Anahid Nersessian: “Ode on a Grecian Urn” is probably Keats’s most famous poem. It ends with a very, very famous line: “Beauty is truth, truth, beauty.” What it describes is an urn, and more specifically, a scene that’s painted on this urn of a bunch of people—presumably in ancient Greece, somewhere in the ancient world—going to a sacrifice. So, it’s some kind of religious festival. Some people are going to sacrifice, and they’re leading a cow through their village. And the other thing that you see on the urn, and it’s probably part of the same festivities, is women being chased by men, and the women are described specifically as “maidens loth.” The word loth means unwilling, but it’s even stronger than that—it means full of hatred for whatever it is that is chasing you, or trying to make you do something you don’t want.
So, Keats scholars have always understood that what is depicted on the urn is, at least in part, a scene of sexual violence. These women are being chased by the men. There’s also a woman who is frozen and described as frozen in time as she runs from the male youth who is trying to catch her. People have always understood that what was on the urn is a scene of sexual violence. And so, the question is, how do you get from that to the lines that conclude the poem:
“Beauty is truth, truth beauty,”—that is all
Ye know on earth, an all ye need to know.
There are thousands of interpretations of these lines. One really straightforward interpretation of them and of the poem would be, you know, lots of bad stuff happens, women get raped, cows get killed, lots of bad stuff happens in life. But human beings make art out of that bad stuff. And the art that they make is beautiful. And that’s the truth of human experience. The truth of human experience is not all the bad stuff that goes down, but the redemption of that bad stuff through its representation, through its elevation into art. That is the straightforward back-of-the-textbook answer about the poem.

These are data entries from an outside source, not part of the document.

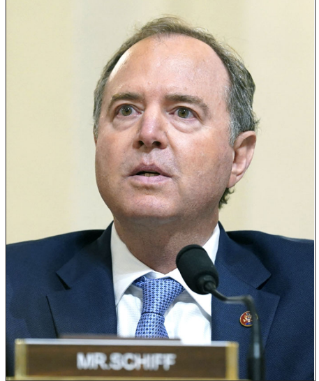
Գոնկրեսական Ատամ Շիֆ

«Արցախը արտաքին աշխարհի հետ կապող միակ ճանապարհի՝ Լազինի միջանցքի 10 ամիս տեւած շրջափակմամբ արցախցիներուն սովի ենթարկէ յետոյ, ատրպէյճանական ուժերը Սեպտեմբերի 19-ին լայնածաւալ յարձակում գործեցին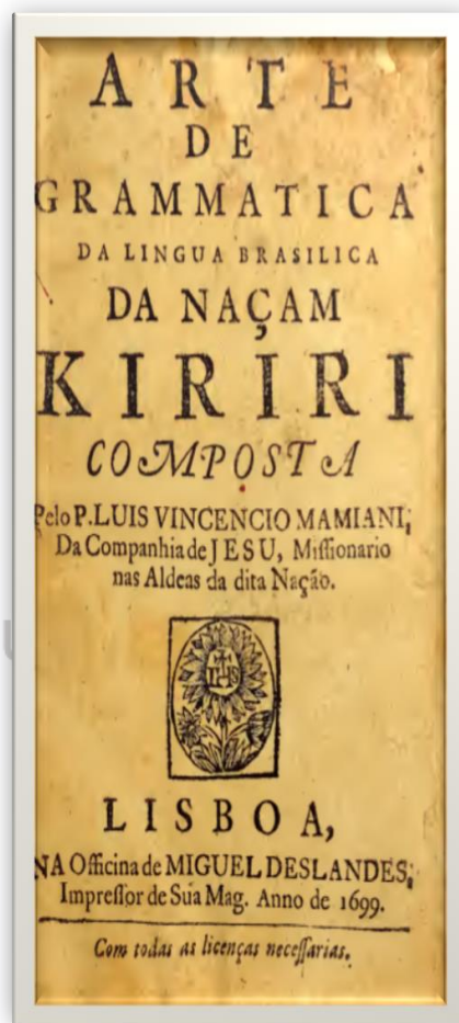
Figura 3: Capa da primeira edição da Arte de Grammatica da Lingua Brasilica da Naçam Kiriri . Lisboa: Officina Miguel Deslandes, 1699.

Já na capa do Catecismo , o monograma da Companhia é apresentado dentro de uma rosa. Ela é comumente utilizada como alegoria da perfeição. O monograma representa o nome de Jesus escrito numa forma grega abreviada, em latim Jesus Hominum Salvatori (Jesus, Salvador dos Homens). O I.H.S. foi popularizado pela primeira vez por São Bernardino de Siena, no começo do século XVI e, posteriormente, adotado pelos jesuítas. Na capa da Gramática , no lugar da rosa é utilizado um girassol.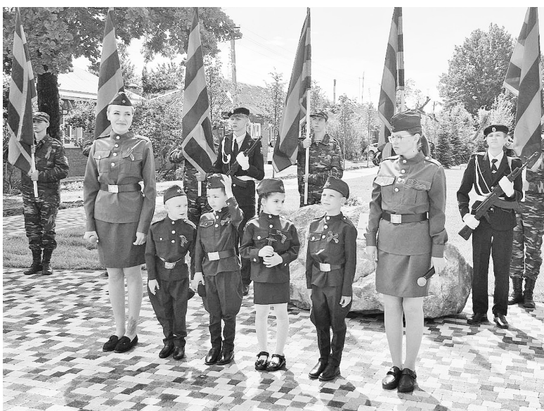
► Подвиги предков в памяти потомков.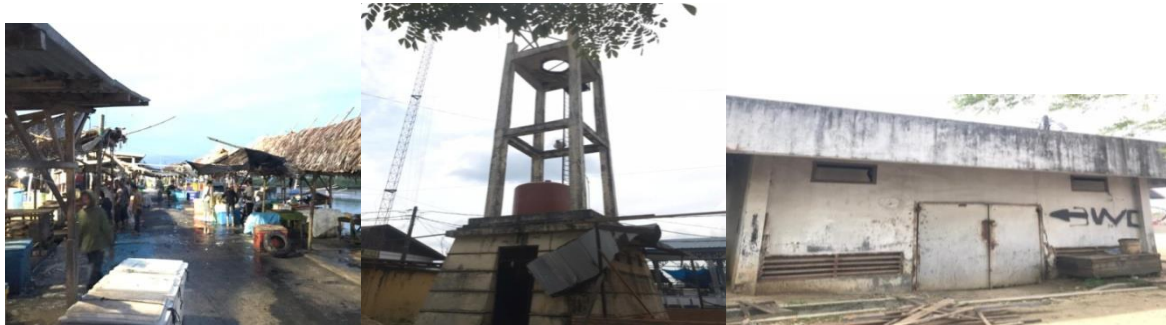
Gambar 1.1 Gambaran Umum Fasilitas Pelabuhan

Dari wawancara di atas dapat dilihat walaupun dengan adanya faktor penghambat tersebut namun Pelabuhan Perikanan ini sudah mampu memberikan dampak yang cukup baik dimana sangat berdampak bagi masyarakat sekitar seperti penyerapan tenaga kerja, dan peluang usaha lainnya yang dapat meningkatkan ekonomi masyarakat sekitar sehingga berpengaruh terhadap kesejahteraan masyarakat.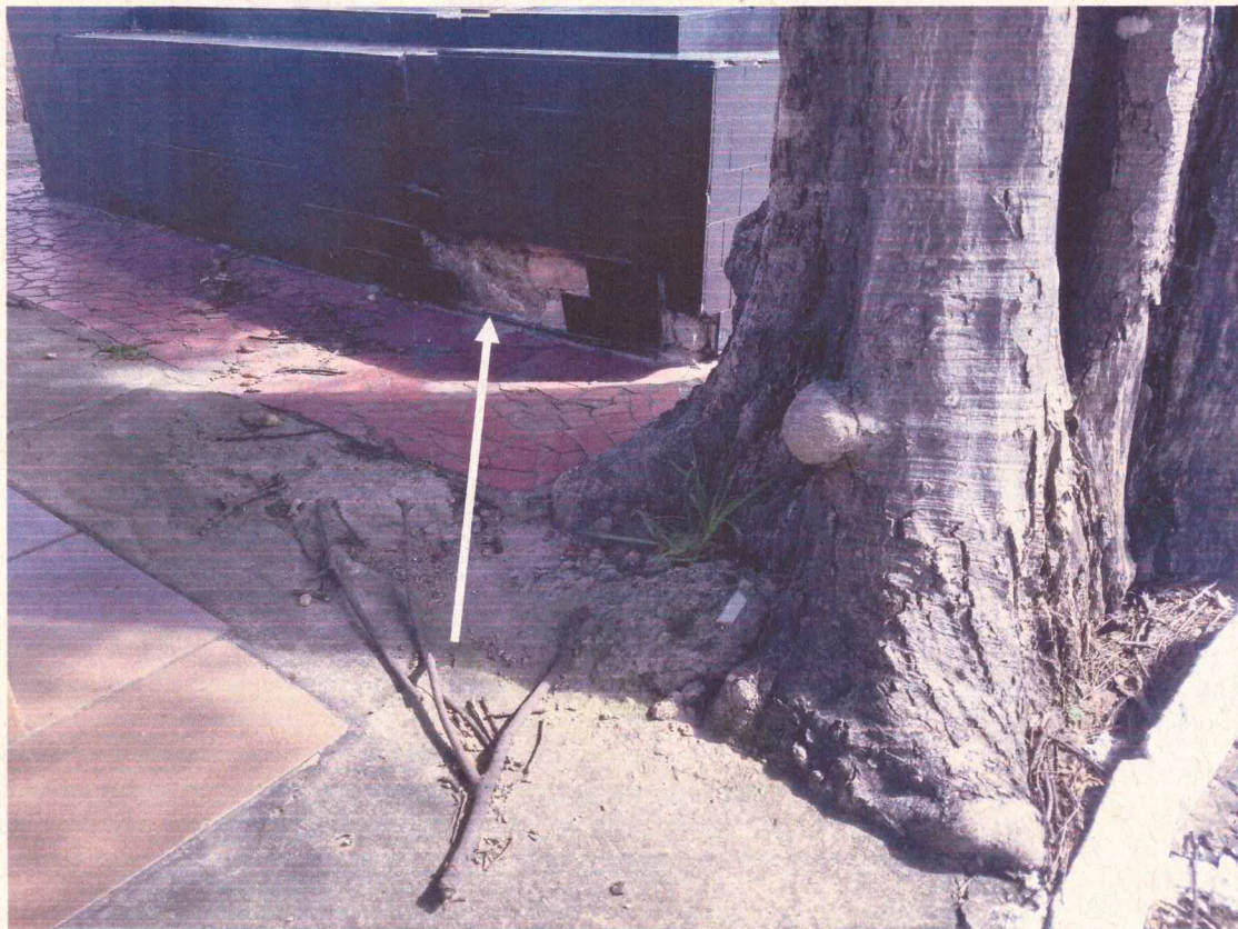
Raízes estão causando danos no túmulo 27 e 28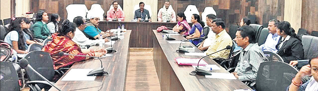
ଦୁର୍ନୀତି ନିବାରଣ ସଚେତନତା ସମ୍ପାଦକ କାର୍ଯ୍ୟକ୍ରମରେ ଜିଲ୍ଲାପାଳଙ୍କ ସମେତ ଅନ୍ୟମାନେ।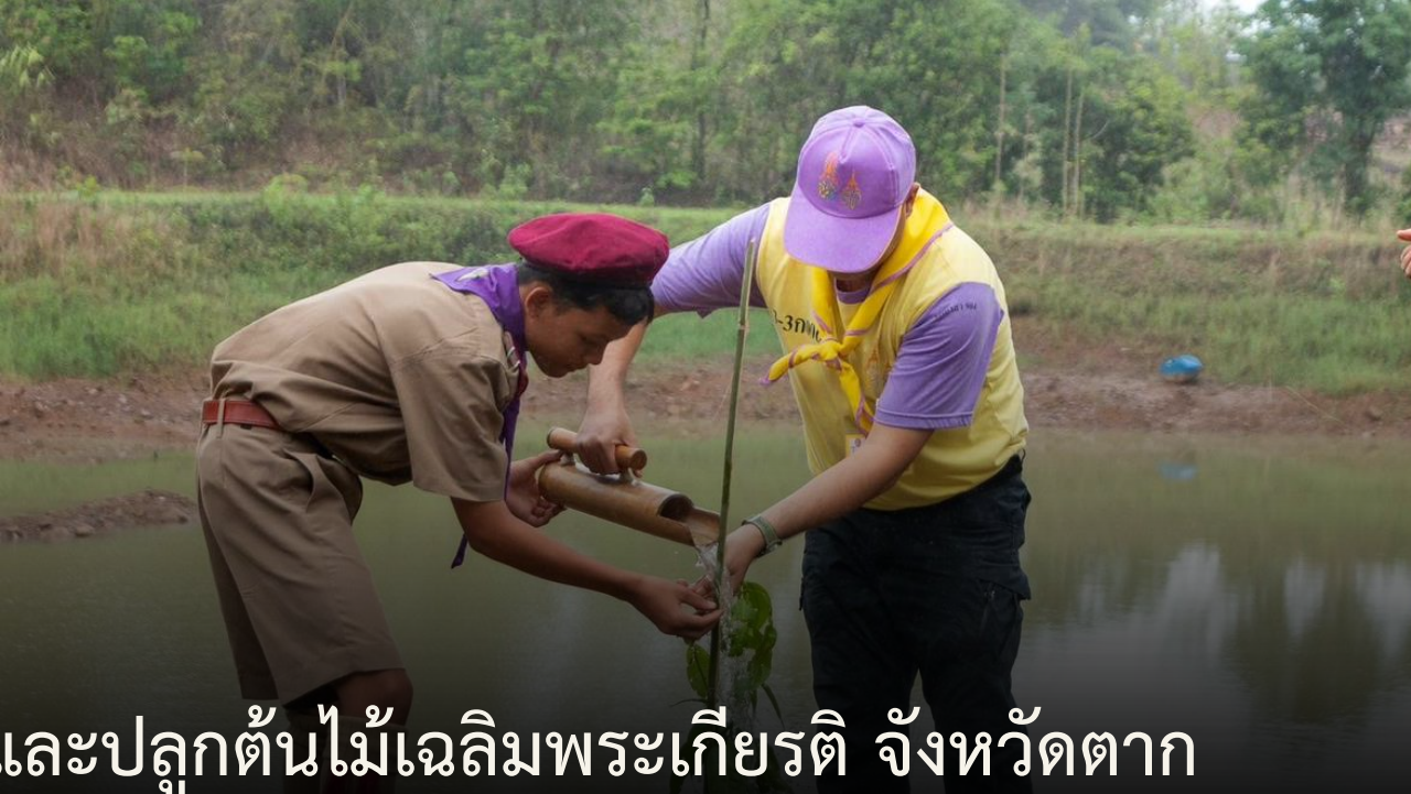
จิตอาสาพระราชทานสร้างฝายชะลอน้ำ และปลูกต้นไม้เฉลิมพระเกียรติ จังหวัดตาก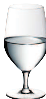
ACQUA 11 Capacità 410 ml Altezza 161 mm Diametro 81 mm Conf. 6 pz. Art.-Nr. 85 010 011 (neutro) 111 (0,1 l linea) 211 (0,2 l linea)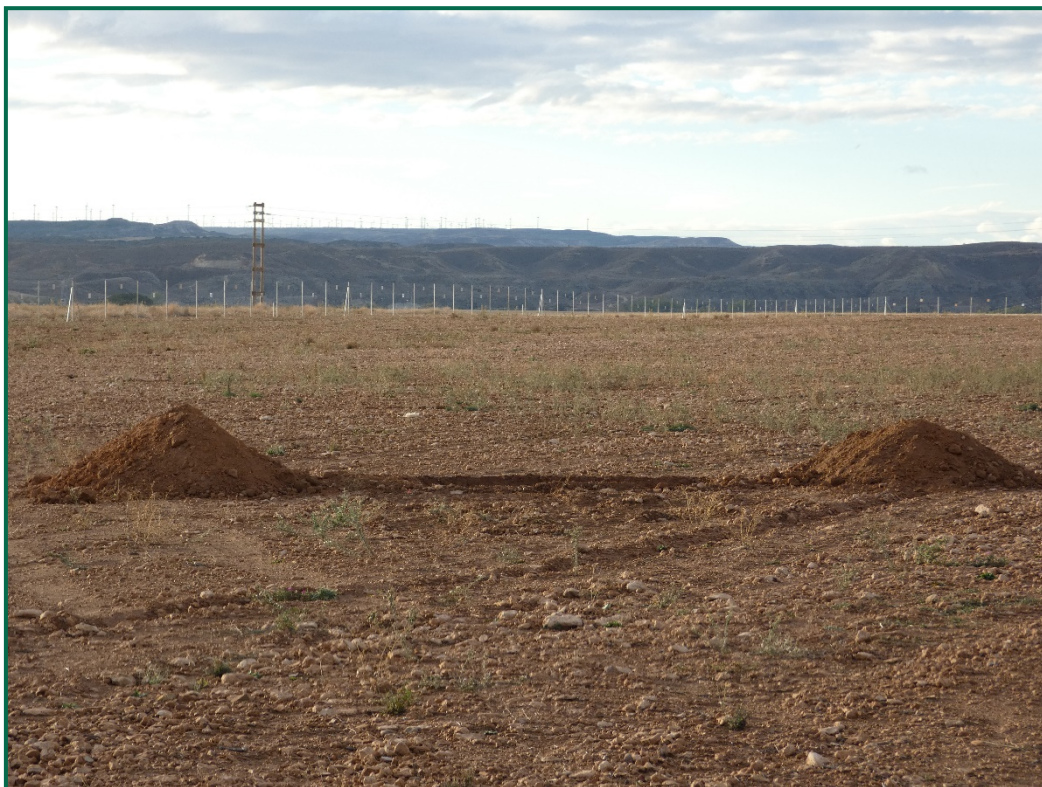
Fotografía 2. Acopios de tierra.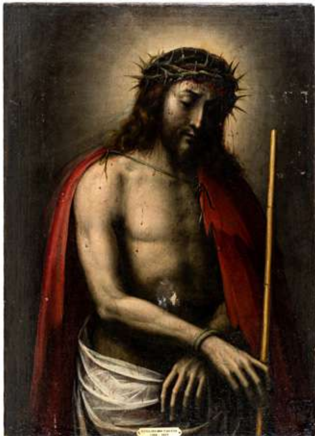
55 Scuola di Guglielmo Caccia (Montabone, 9 maggio 1568 - Moncalvo, 13 novembre 1625)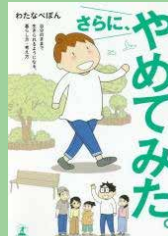
さらに、やめてみた わたなべ ぽん 著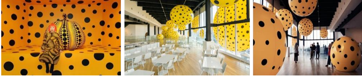
في سنغافورة Museum MACAN متحف ماكان - Yayoi Kusama شكل (2) الحياة قلب قوس قزح - يايوي كوساما /https://manual.co.id/article/yayoi-kusama-museum-macan-jakarta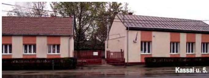
Kassai u. 5.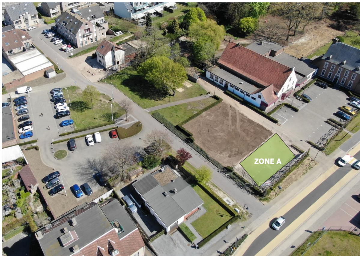
Figuur 1 – van vrijdag 7 juli, 12 uur tot maandag 10 juli 12 uur: parkeerverbod

My reading of the poem is pretty different. I actually think that the poem is spoken not by a voice that ultimately belongs to Keats. I think that the speaker of the poem is a character of sorts; I think it’s a character who we’re not supposed to trust and we’re not supposed to listen to. And I think that that message that is delivered at the end of the poem is actually supposed to fall flat, even if it sounds good, and it does sound good. I mean, those are beautiful, beautiful lines. It almost sounds like a slogan; this is very pat, it’s very accessible. It is something that you can remember easily. And that’s part of the trick of the poem, because actually, I think we’re not meant to believe that at all. We’re actually not meant to believe that the bad stuff that happens in life or has happened through the course of human history is in any way redeemed or made better by being turned into art.
And in fact, what we have to understand when we encounter art, particularly art that represents human suffering, in this case art that represents sexual violence, we have to understand that there is no way to say “it turned out okay because now we have this beautiful urn.” We actually have to dwell in the very, very, very difficult and uncomfortable position of knowing that one of the things art does is aestheticize or beautify or prettify incredible pain. And that’s a very, very hard thing to recognize. If you’re somebody that loves art, if you’re somebody that makes art, it’s a very hard thing to recognize.
And so that’s my reading of the poem. I actually think that the moral at the end of the poem is not pat. I actually think it’s a kind of a trap, and that if you read it and you think, “Oh, yeah, that’s true,” then you’re as bad as the speaker of the poem. You’re as bad as someone who looks at art and forgets the pain that it has come out of it.
Anahid Nersessian is an associate professor of English at the University of California at Los Angeles. She is the author of The Calamity Form: On Poetry and Social Life; Utopia, Limited: Romanticism and Adjustment; and Keats’s Odes: A Lover’s Discourse.